3. Have to use bread machine-specific recipes. As I briefly mentioned above, a great feature of a bread machine is that you can follow a recipe exactly and have faith that it will turn out exactly as you want it to.  But you have to use recipes tailor-made for a bread machine.  That means recipes with lots of yeast (because the rise time is short), flour that has high protein content (because, once again, short time for gluten to form), and low hydration (about 66%) because the temperature that the bread machine bakes at is pretty low.  As long as you use these bread machine recipes, you will get the expected results.  But after a year, I was excited to try something new. 

4. Can’t rise longer than the allotted time.  As you may know, tasty lean breads like sourdough benefit from a long rise time.  This is because yeast, as it eats the sugars in the flour, releases carbon dioxide and ethyl alcohol.  Ethyl alcohol lightly ferments the dough, giving it more flavor.  Bread machine bread only rises for about 1.5 hours, so any flavor must come from additions like milk, dried fruit, or spices.  Because of the short rise time, all recipes will require more yeast.  That means that any lean bread you make will taste primarily like yeast since you haven’t added anything else to cover the flavor.  That’s not the worst thing ever, but again, after a year I was ready for new flavors.

5. Limited recipes.  Can’t make sourdough.  Can’t make 100% whole wheat or 100% rye without adding vital wheat gluten. Can’t add eggs, butter or liquid milk.  

6. No crispy crust or big holes in the crumb.  This is because the bread machine bakes bread at (estimated) 350 degrees F.  Good for soft crust, bad for crispy crust.  Also bad for big holes in the interior of the bread (called the crumb).  So don’t expect baguette-like creations from your bread machine.

7. Weird shape with paddle hole in the bottom.  If you couldn’t already tell from the pictures in this post (particularly the one at the top of the post), most bread machines produce a loaf that is tall and rectangular.  It looks a little funny.  Plus, the kneading blade at the bottom of the loaf pan doesn’t have anywhere to go, so it gets baked in and trapped in the bottom of your loaf.  Not a deal breaker, but it’s a little weird.

8. Can’t make other shapes besides this one. 

This was a little bit of a deal breaker for me.  Once I could make loaves of bread, I wanted to branch out to other things- rolls, for example.  Or baguettes.  Or basically anything else besides a taller-than-normal sandwich loaf.

Does anyone really think you can bake any of the breads seen in the foreground in a bread machine?

In the end, the bread machine served its purpose.  After using it to bake for a year, I had the confidence to branch out to regular baked bread, getting my fingers into the dough to knead it, and experimenting with different hydrations and long rise periods.

If, after reading this post, you think you’d like to buy a bread machine, I’d recommend getting a used one on Craig’s List.

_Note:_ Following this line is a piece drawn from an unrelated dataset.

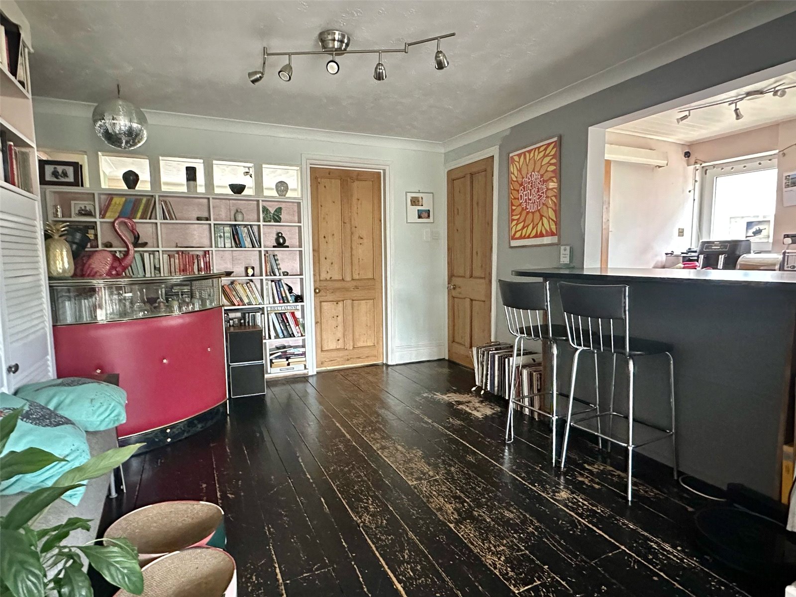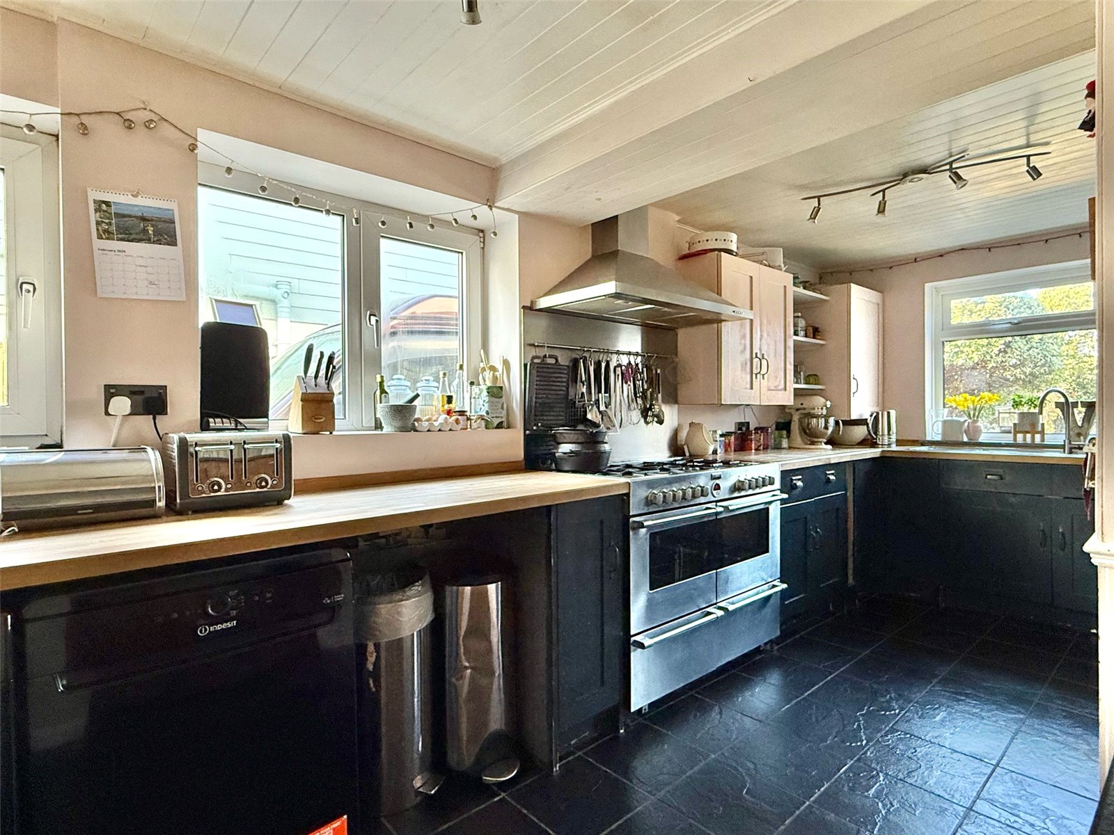 The heart of the home incorporating a kitchen with a double bowl single drainer mixer tap sink unit set in a timber work surface, base cupboard and drawer units, matching eye level cupboard units, integrated range style cooker with extractor over, space and plumbing for washing machine, dishwasher, space for tall fridge/freezer, tiled flooring, ceiling light point, UPVC double glazed windows, breakfast bar, space for good sized dining table and chairs, a further space for soft furnishings or entertaining with storage cupboard and book shelving, door leading to:

Most are hardly used, and even mine which underwent heavy use during the year looked nearly brand new when I sold it.

If you love using it, that’s great.  If it gives you the confidence to give it away in the end, that’s all to the good.  As the Bread Maiden, I think any time you make fresh-baked homemade bread it will be 100x tastier and healthier than what you buy in the store.

Hate to break it to you but… you cannot make a swirled loaf in a bread machine.

So there you are… why I loved my bread machine and why I ditched it.  Did/do you own a bread machine?  What do you like or dislike about it?  Please feel free to leave me a comment below!

One thought on “Why I loved my bread machine… and why I finally ditched it

  1. Anonymous says:

    For me I love my bread machine, but only for making a lot of bread quickly for guests (like for sandwiches), or to make pizza dough or roll dough. Big downside for machine loaves is flavor development is mediocre within the confines of the device and it's programming.